Suspended unleash their first chord. Then something happens that you don’t usually see at metal shows: young women shoulder through the chaos and crowd the front of the stage.
Suspended minister to the masses with their own brand of metal, melodic guitar that segues bluntly into a fire-wrath chorus. Somewhere in the middle of the set, a fight breaks out in the crowd. At least 10 guys are caught up in it, and it takes both security titans to unsnarl the mess. Suspended don’t blink, they just keep on playing. The rest of the crowd hardly seems to notice, even when the last boxer is hauled away with his face swathed with blood. According to Suspended, that’s pretty routine. “Fights tend to break out when we play,” reflects Mimo. “We’re not angry people. I guess our music just makes people fight.”
If these young women are comfortable with the aggressive vibe that surrounds their music, that’s because they were raised on metal. Chan learned her drumming skills from her dad, and he himself got into metal young, listening to his older sister’s Black Sabbath on 8-track. In answer to the question who taught her to play guitar, Mandy grins and says, “Ozzy.”
Ask the girls to name their heroines in music, though, and they struggle. After a while, Chan comes up with Lita Ford, and Mimo nominates Pat Benatar. But the posters all over their cinderblock practice space indicate their true musical influences: Anthrax, Judas Priest, and Pantera. Any attempt to pigeonhole Suspended with another band based on gender alone will earn you Suspended’s open disgust.
Mimo cites a typical example. “People say, ‘You guys remind us of Kittie.’” Kittie, a band with an all female line-up, has a goth-emo sound that is miles away from Suspended’s hescher devilry. “We’re like, ‘No, we’re not, we hate that shit.’”

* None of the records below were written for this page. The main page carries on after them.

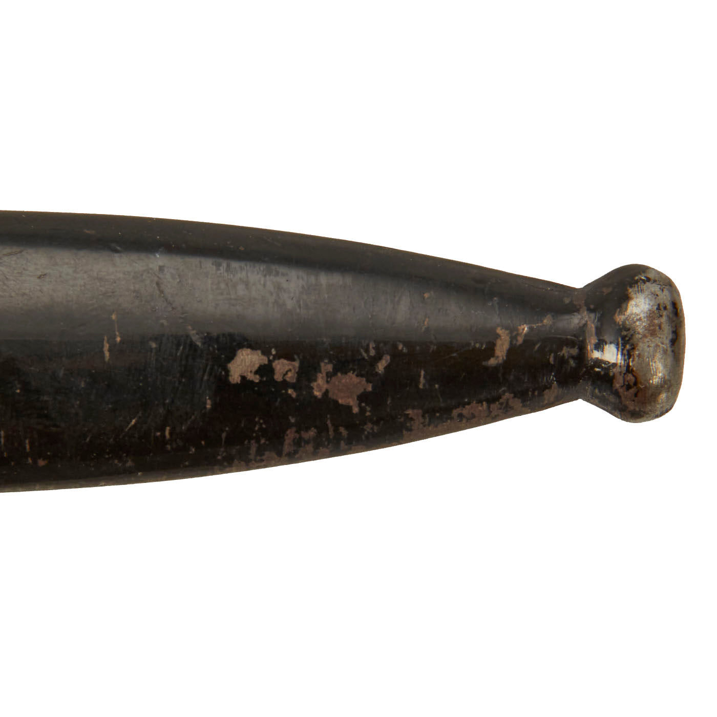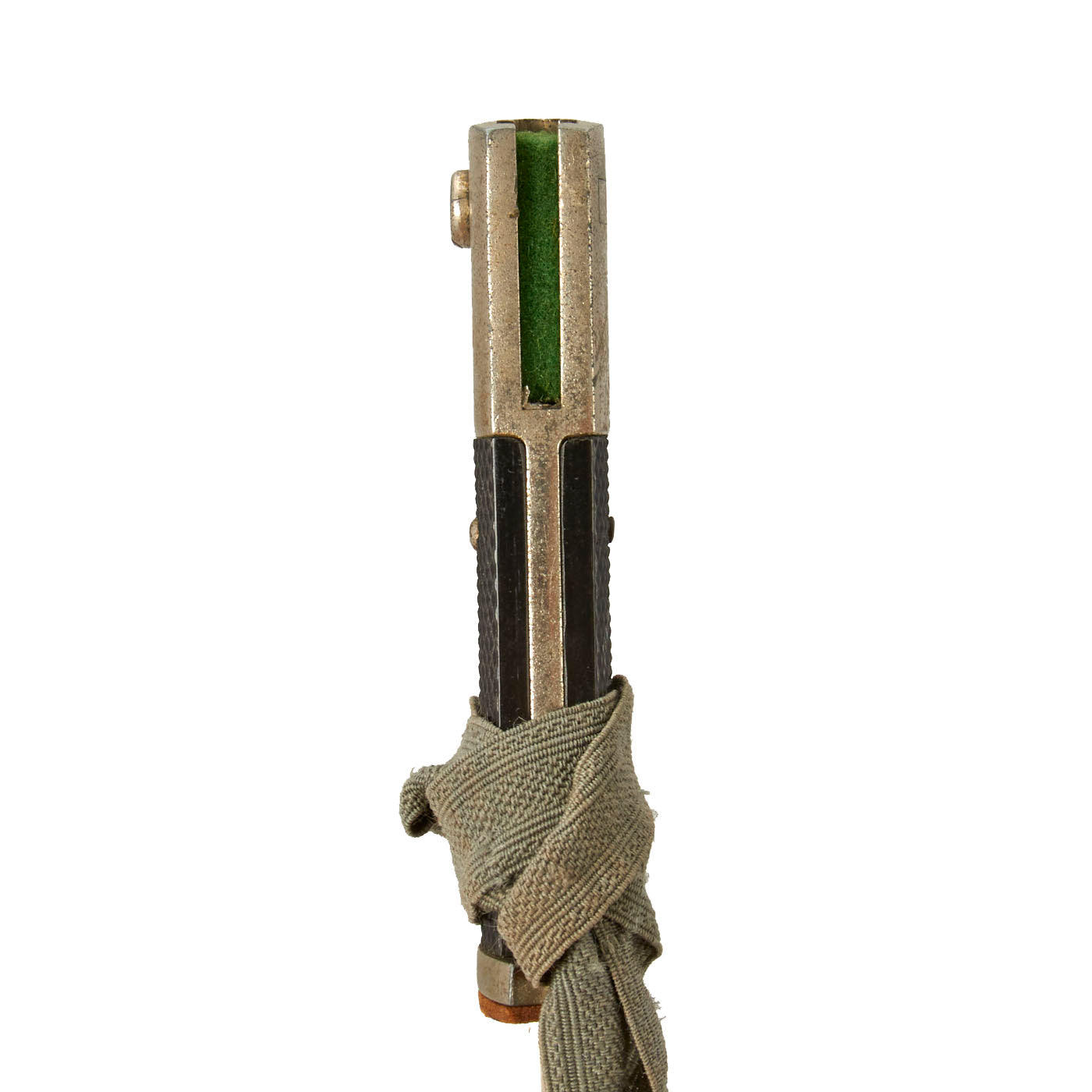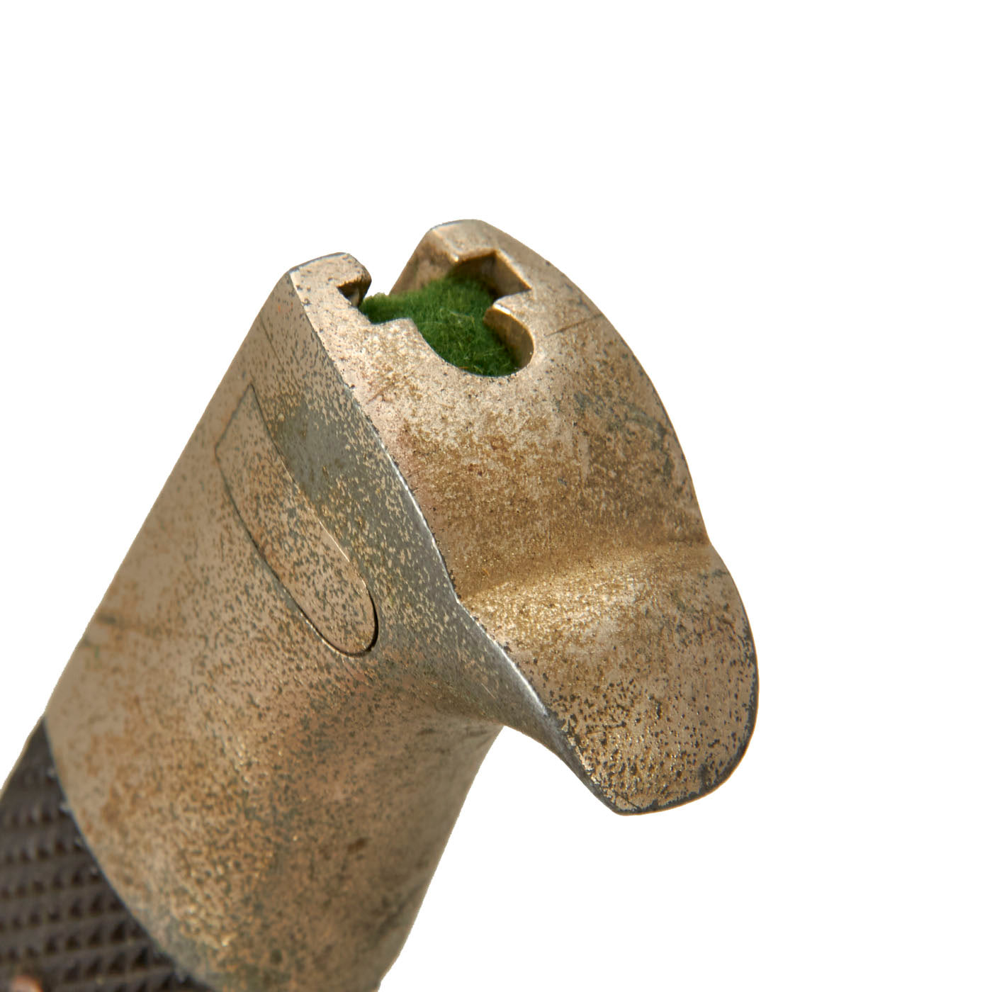 This very nice example is in very good condition, and comes complete with the scabbard troddel knot. The bayonet has a has a very nice custom etched nickel plated blade. It has has a nice alloy hilt, which still has some of the original nickel plating, but does show overall wear and oxidation as well. The mortise button and blade release are fully functional, with an intact green felt insert. The grip plates are both lovely checkered black bakelite, and both are in great condition. They are retained by plated steel rivets which have dressed heads on the obverse.
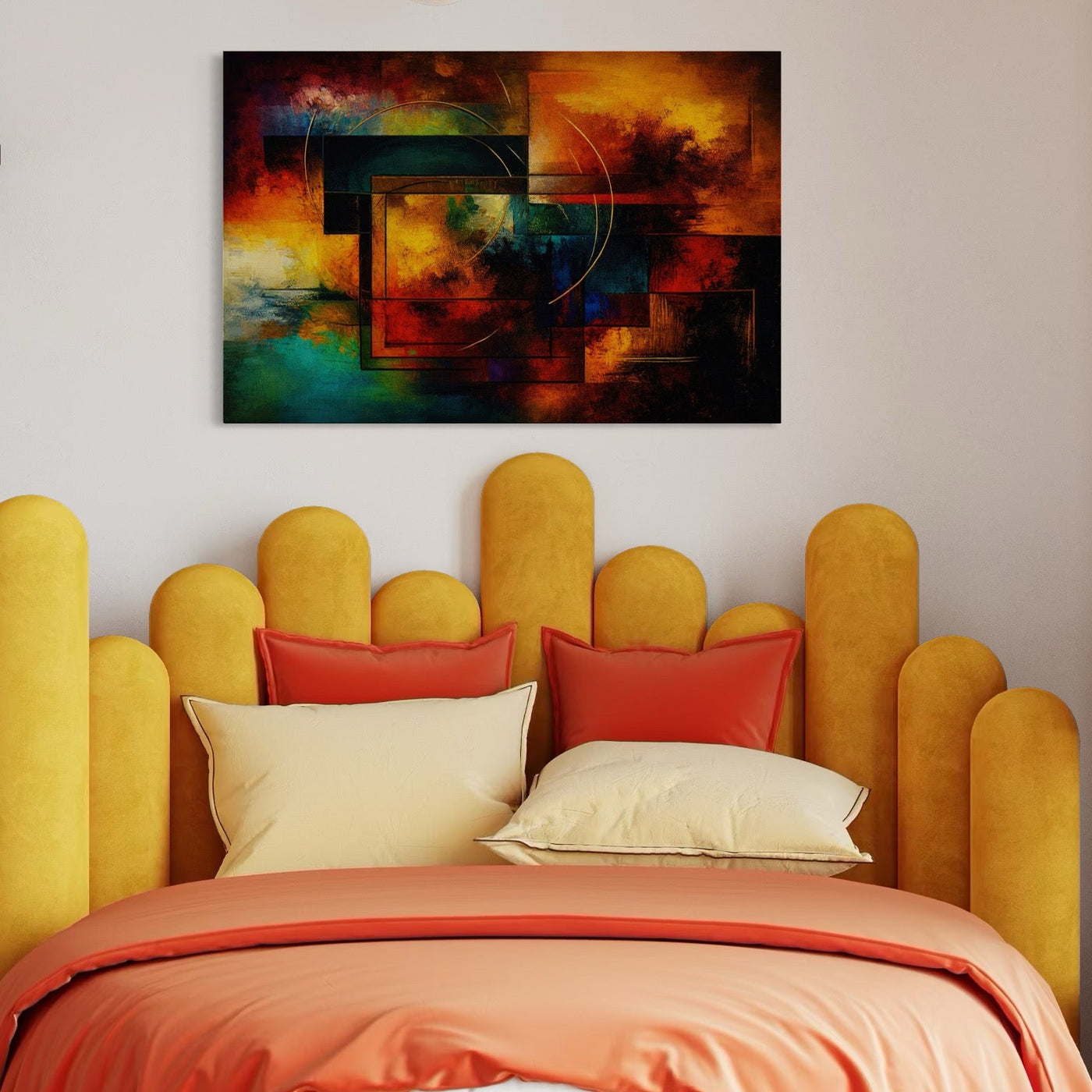 Tablou Canvas Premium, LuxCanva® C1271, Cercul focului, Geometrie, Culori, Cromatic, Joc, Univers, Emotie, Tensiune, Caldura, Flux, Transformare, Metamorfoza, Dorinta, Birou, Living, Dormitor - 40 X 60
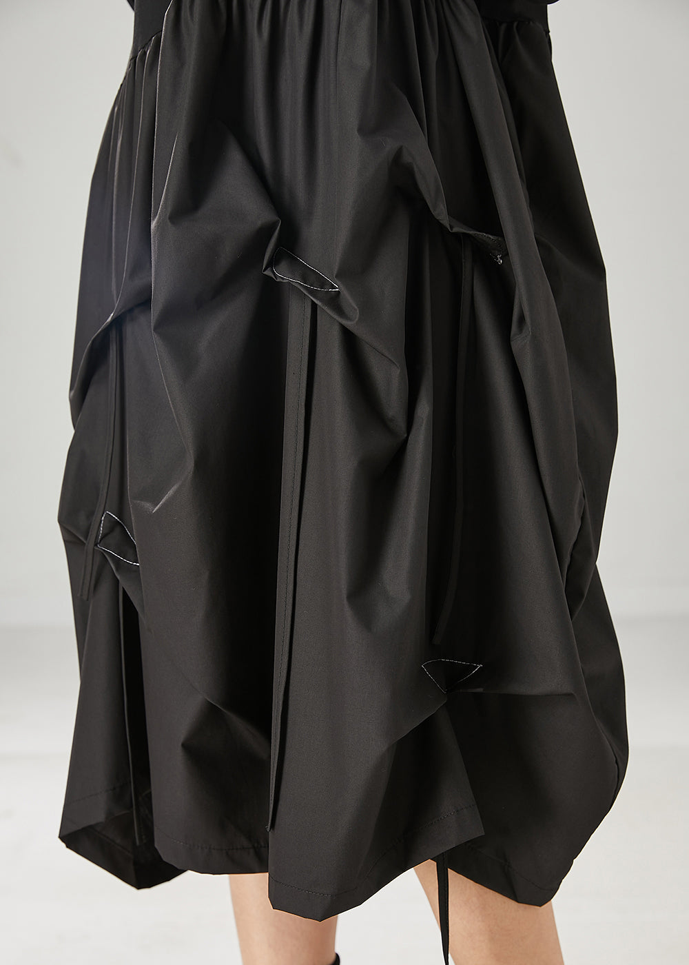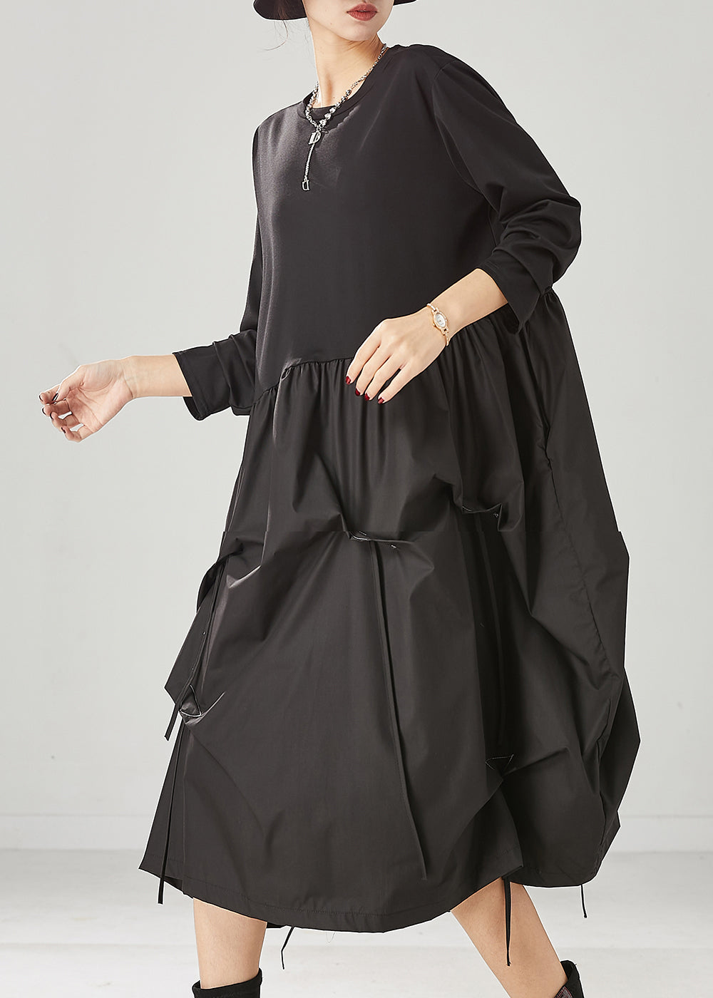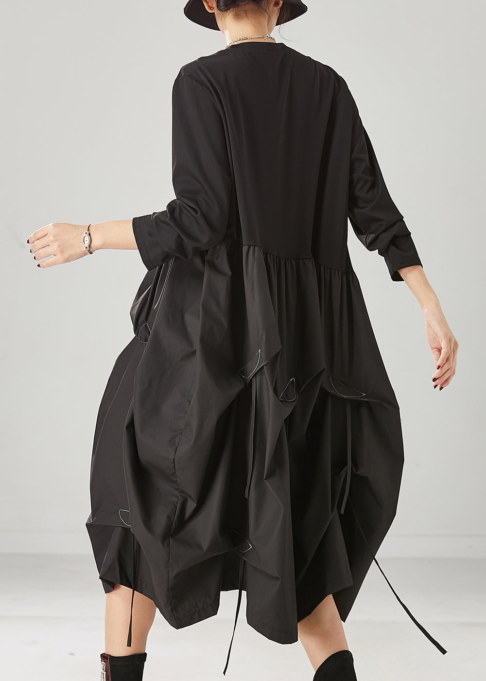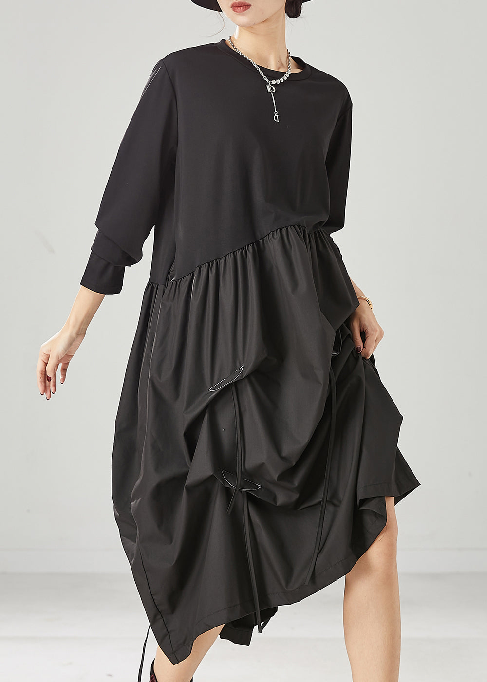Classy Black Asymmetrical Patchwork Wrinkled Cotton Robe Dresses Spring

Although for Suspended, it’s all about the music, the fact that young women are leading the New Mexico rock scene isn’t lost on fans. Sonni Vicente, a 25-year-old mom from Laguna Pueblo, is at Buckfest with her 13-year-old niece and 13-month-old daughter. Seated in a lawn chair a little away from the volatile nucleus of the stage, Sonni swiftly lays out her rock credentials when she lists her favorite bands: “Pantera, Morbid Angel, Iron Maiden, Relentless, the Suspended … I could go on for days,” she says. Relentless is another metal band from the Pueblo, and it’s telling that a small community like the Pueblos would produce not one, but two popular metal bands. Here, the local bands rank as favorites among the international greats. Beyond the music, Vicente values the standard Suspended are setting for women. “It’s good to see girls like that, who are into metal and succeeding.” As she says this, her young niece nods in agreement.
Galen Lewis, 21, fresh-faced, and also from Laguna, says Suspended is having a real influence in the Pueblo. He’s involved in a couple bands himself. “They inspire us men to go on and pursue a career as rock musicians,” he says.  “Around here, on the reservation, people look up to the Suspended. Every girl wants to be like the Suspended now.”
The importance of that scepter isn’t lost on Galen, who is here at Buckfest with his 3-year-old daughter, Arianna. During Suspended’s set, he’s right at the front of the stage with Arianna on his shoulders. Every bit the metalhead her father is, Arianna has her little hands in devil horns and is rocking the fuck out. “I think my daughter’s going to look up to them,” says Galen, looking exhilarated, after the show. “They’re starting a new culture of rock band.”